In European starlings, neurons in NCM habituate to a particular stimulus, and "remember" individual characteristics of songs to which a bird was exposed. This indicates that NCM functions in individual recognition, through the strategic recruitment of N-Methyl-D-aspartate receptors (NMDAR) to synapses that receive repeated patterns of excitation. In fact, NMDARs are thought to be the unit broadly responsible for synaptic memory in the central nervous system. NMDARs in NCM neurons, therefore, might be a compelling target for selection when song functions in discrimination among conspecific songs, for neighbor recognition and territorial defense, but NCM is unlikely to play a role in the discrimination of conspecific from heterospecific songs.

In male zebra finches, neurons in Field L and CM do not exhibit a preference for different types of conspecific songs (in contrast to neurons in NCM, and those that participate in the AFP and SMP). Field L and CM neurons do not discriminate between the tutor song, the bird's own song, or individual conspecifics. Instead, they demonstrate a higher-order preference for conspecific song over heterospecific song or other types of sound. When male and female European starlings are trained to recognize conspecific song, there is an associated change in the response of CMM neurons, and female zebra finches experience a reduced ability to discriminate between conspecific and heterospecific song following lesions to the region. However, CMM neurons in females also show increased activation in response to their father's song over a novel conspecific song, demonstrating that this nucleus also participates in some selectivity among conspecific songs in females.

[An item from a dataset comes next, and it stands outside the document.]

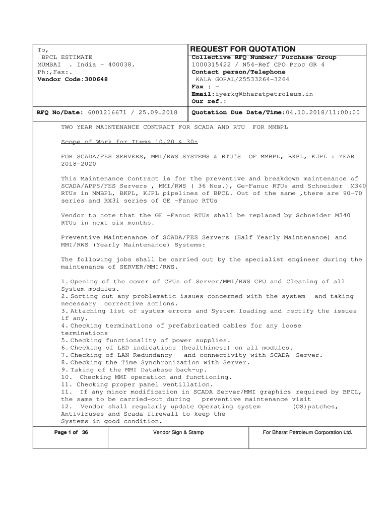 To, BCL ESTIMATE MUMBAI. India 400038. PH:, Fax:. Vendor Code:300648REQUEST FOR QUOTATION No/Date: 6001216671 / 25.09.2018Quotation Due Date/Time:04.10.2018/11:00:00Collective RFQ Number/ Purchase
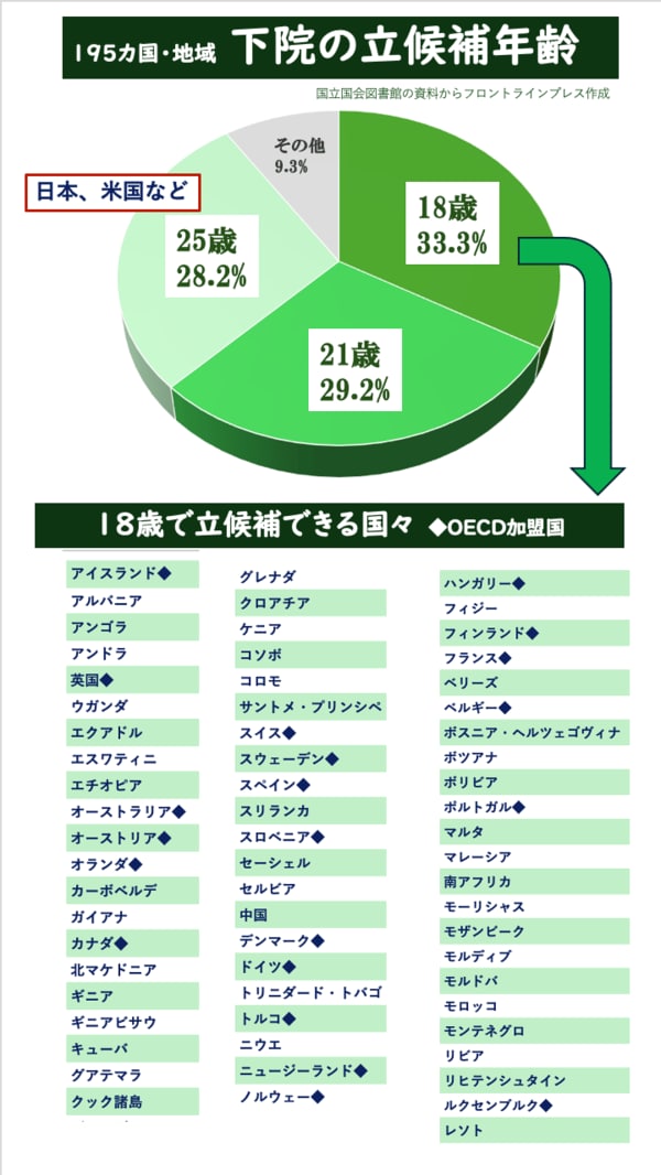先進国36カ国が加盟する経済協力開発機構(OECD)に限ると、立候補年齢を25歳としている国は、日本と米国、イタリア、ギリシャ、リトアニア、韓国の6カ国しかありません。他方、18歳は21カ国、21歳は9カ国を数え、双方を合わせると8割超。日本などの25歳は少数派であることが鮮明になってきます。

Neurons in both Field L and CM have sophisticated filter properties, selective for both the spectral-temporal modulations and phase relationships of conspecific songs. Furthermore, different neurons are selective for different features of syllables and songs. In Field L, neurons have one of four different tuning strategies—they are either tightly tuned a particular frequency, or they are sensitive to frequency edges, frequency sweeps or combined frequencies. When exposed to natural song as a stimulus, different ensembles of these of neurons respond to different components of sound, and together they demonstrate the ability to perform sensitive discrimination between conspecific and heterospecific syllable types. As in nucleus ovoidalis, the spectral-temporal filter properties of Field L and CM neurons are a function of the particular ion channels and receptor proteins driving their synaptic dynamics. The complex and sophisticated tuning of these higher order processing centers for conspecific sounds may rely on the integrated inputs from the entire ascending auditory pathway, from the hair cells through the thalamus and forebrain, but this challenging synthetic question remains to be investigated.

== Evolutionary significance ==
In an evolutionary context, neural mechanisms of conspecific song preference in the auditory pathway are important for species recognition. Species recognition traits play a central role in both the origin and maintenance of reproductive isolation. Furthermore, a shared neural mechanism for conspecific song preference has implications for the coevolution of male song and female preference, which may help explain the dramatic diversity of song phenotypes in extant songbirds<.